Segundo relatório do Supremo Tribunal Federal, um policial militar acusado de cuidar da segurança do bicheiro Rogério Andrade pode ter agido por motivo próprio para mandar matar o também contraventor Fernando Iggnácio. Lembrando que o órgão revogou a prisão de Andrade neste caso. 


De acordo com o documento, ele seria uma espécie de arrendatário de uma área de propriedade de Rogério e que Iggnácio teria estipulado um valor de quatrocentos mil reais por sua morte, o que poderia levar o policial a ter motivos próprios para matar a vítima.

A investigação inicial apontou que esse PM teria contratado a mando de Rogério os executores para o crime.

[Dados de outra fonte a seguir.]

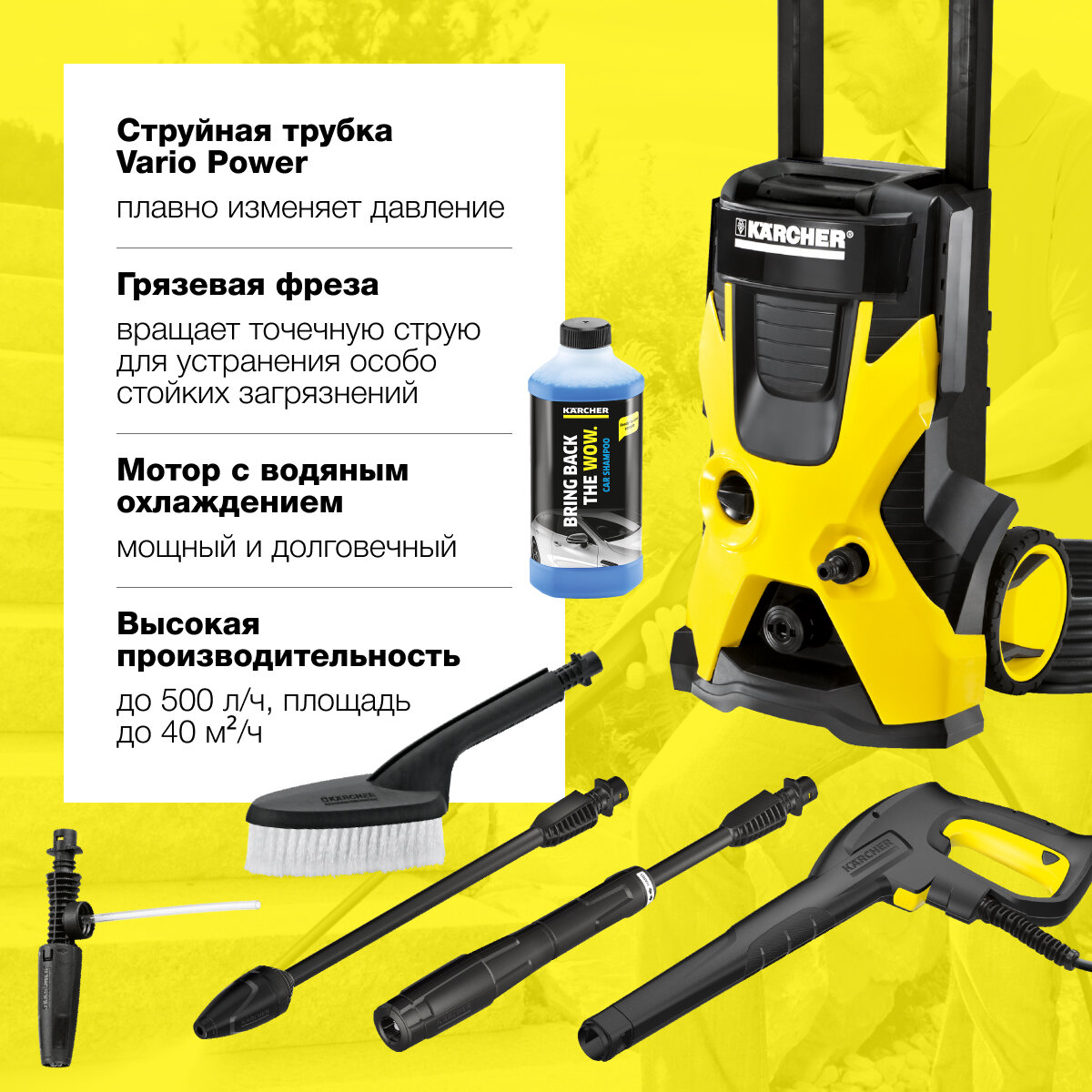 | Насадки | веерная насадка / грязевая фреза / пеногенератор / щетка |

Um disque denúncia narrou que um outro homem, que não está na relação dos réus do crime, teria sido o mentor da morte e contratante dos executores e, ainda, que as armas do crime estariam em sua casa.


Essa pessoa confessou que esteve com Rogério de Andrade na manhã do crime e que ficou em um shopping do bairro da Barra da Tijuca por duas horas. Ela percorreu um trajeto idêntico ao dos executores, em determinadas ruas, minutos depois que esses passaram por ali após praticarem o crime. 


Segundo o relatório, , o Ministério Público entendeu que a Polícia precisa investigar a possível participação deste homem mais a fundo.